Salammbô aux Colombes
George Antoine Rochegrosse (1859-1938), peintre, Vers 1895.
Dreux, musée d’art et d’histoire Marcel-Dessal
© Dreux, musée d’art et d’histoire Marcel-Dessal
George Antoine Rochegrosse s’inspire d’une scène précise du Salammbô de Flaubert pour peindre ce tableau. On y voit Salammbô alanguie, désespérée d’avoir vu le zaïmph, le voile sacré de la déesse Tanit, patronne de Carthage, à qui elle voue un culte.

« Enfin, lasse de ses pensées, elle se levait, et, en traînant ses petites sandales dont la semelle à chaque pas claquait sur ses talons, elle se promenait au hasard dans la grande chambre silencieuse. Les améthystes et les topazes du plafond faisaient çà et là trembler des taches lumineuses, et Salammbô, tout en marchant, tournait un peu la tête pour les voir. Elle allait prendre par le goulot les amphores suspendues ; elle se rafraîchissait la poitrine sous les larges éventails, ou bien elle s'amusait à brûler du cinnamome clans des perles creuses. Au coucher du soleil, Taanach retirait les losanges de feutre noir bouchant les ouvertures de la muraille ; alors ses colombes, frottées de musc comme les colombes de Tanit, tout à coup entraient, et leurs pattes roses glissaient sur les dalles de verre parmi les grains d'orge qu'elle leur jetait à pleines poignées, comme un semeur dans un champ.
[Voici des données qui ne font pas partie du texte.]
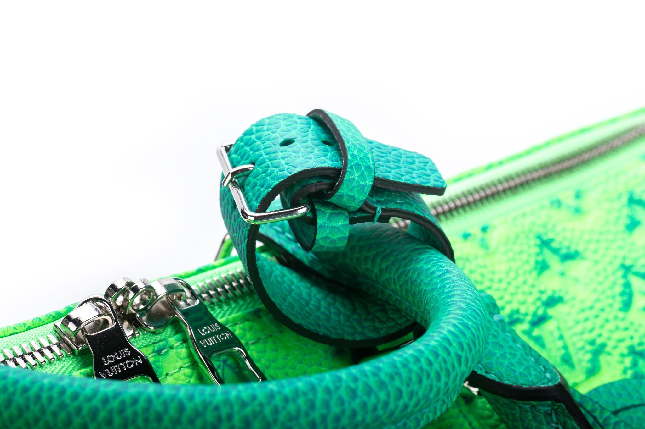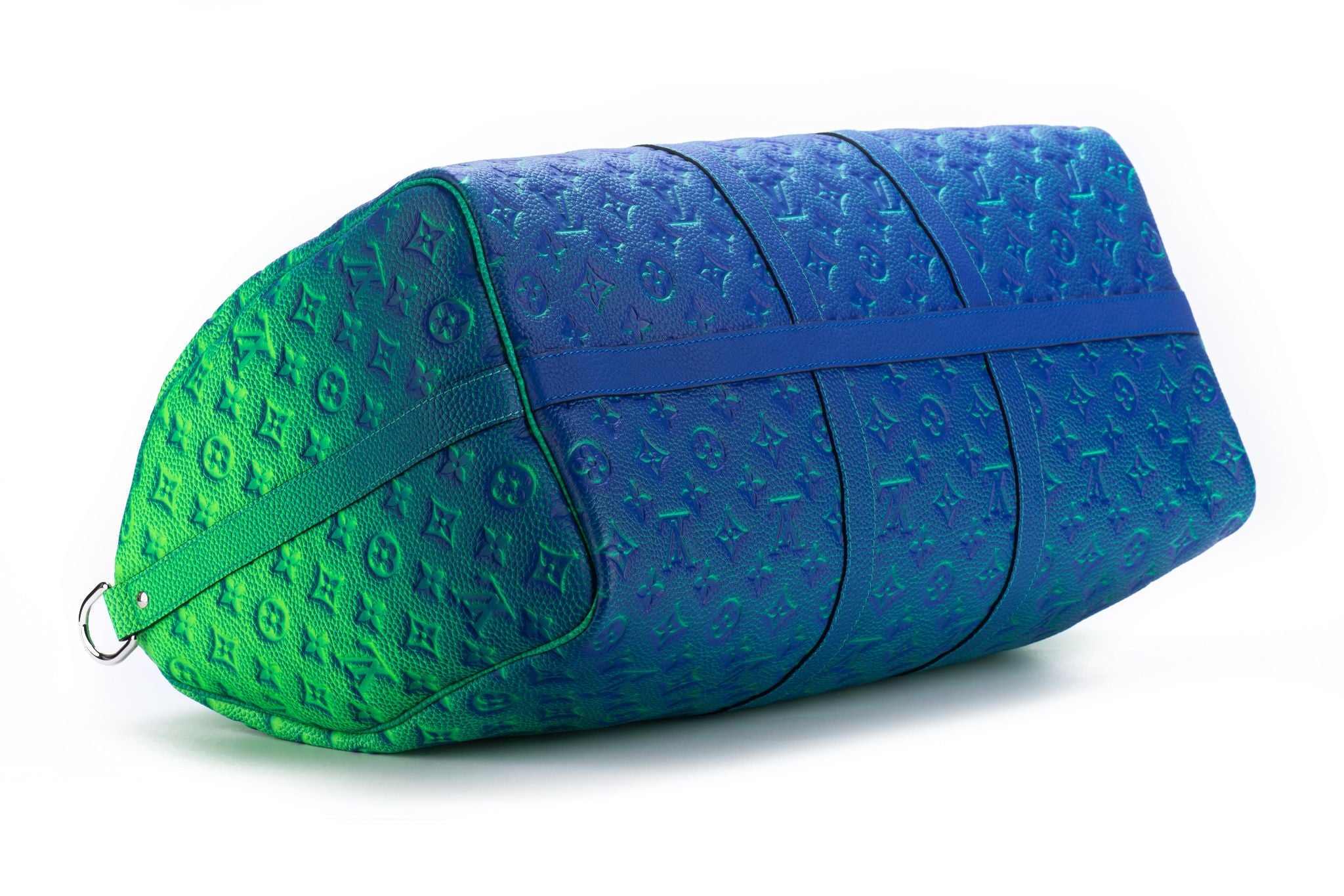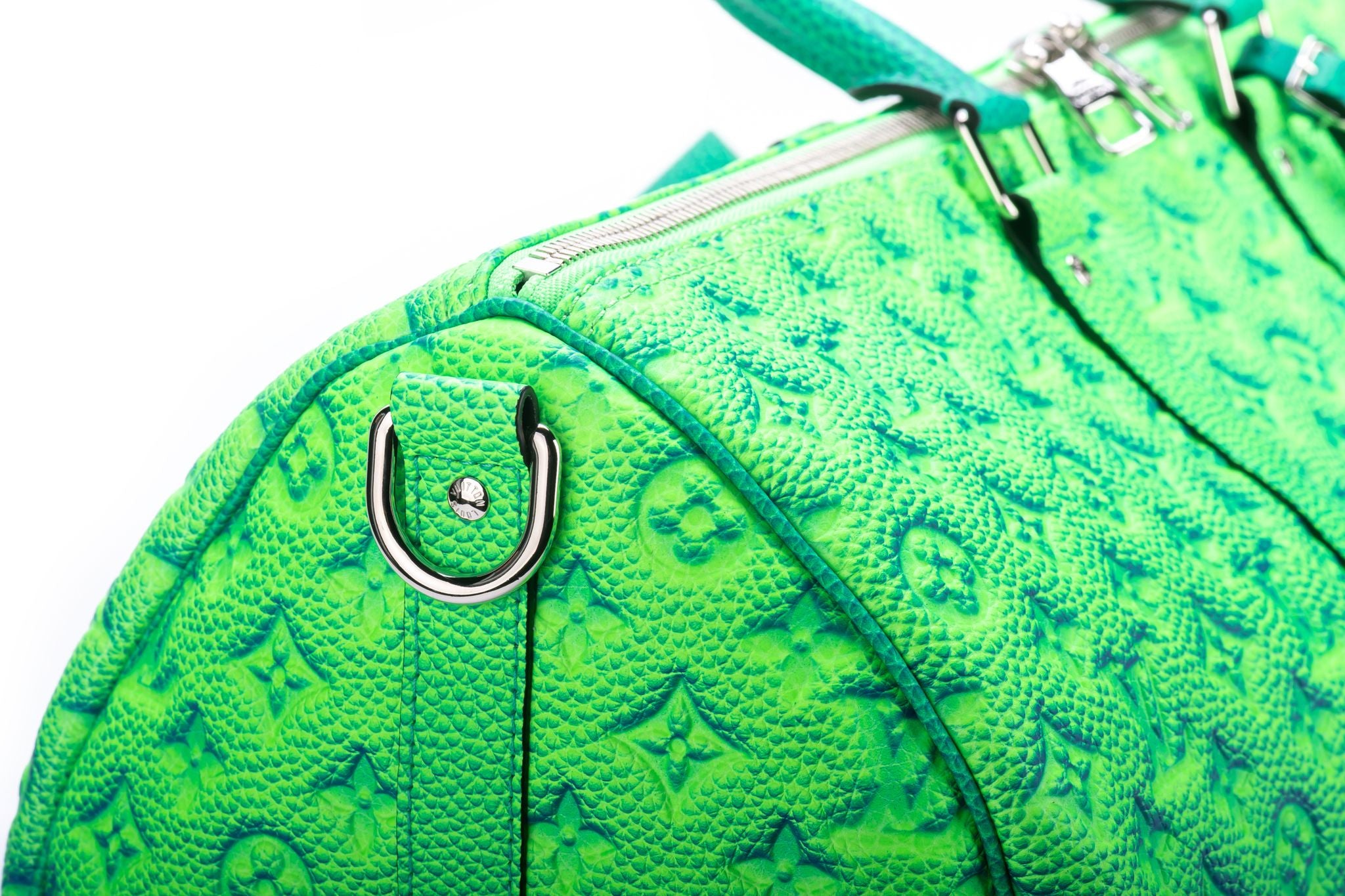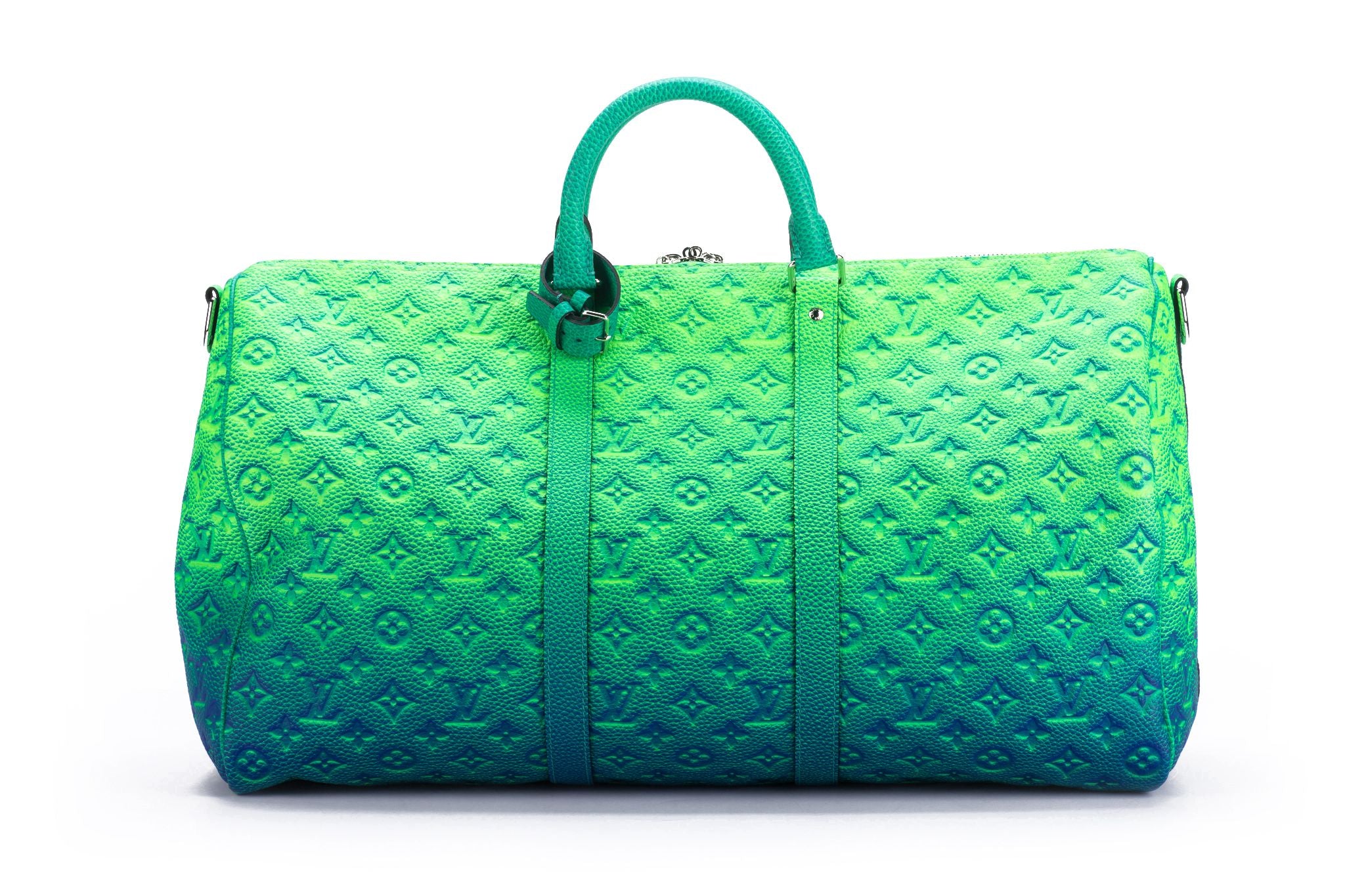 The Louis Vuitton Keepall 50 Bandouliere is made from bull calfskin with a soft multicolored green. This bag is from the Virgil Abloh Illusion leather collection. Soft side and cabin-friendly, the Keepall 50 bag merits it’s name: the unexpectedly spacious interior can hold everything needed for a weekend gateway. This is the new and the last collection of the late designer Virgil Abloh.

Mais soudain elle éclatait en sanglots, et elle restait étendue sur le grand lit fait de courroies de bœuf, sans remuer, en répétant un mot toujours le même, les yeux ouverts, pâle comme une morte, insensible, froide ; — et cependant elle entendait le cri des singes dans les touffes des palmiers, avec le grincement continu de la grande roue qui, à travers les étages, amenait un flot d'eau pure dans la vasque de porphyre. »

Gustave Flaubert, Salammbô, chapitre X, 1862.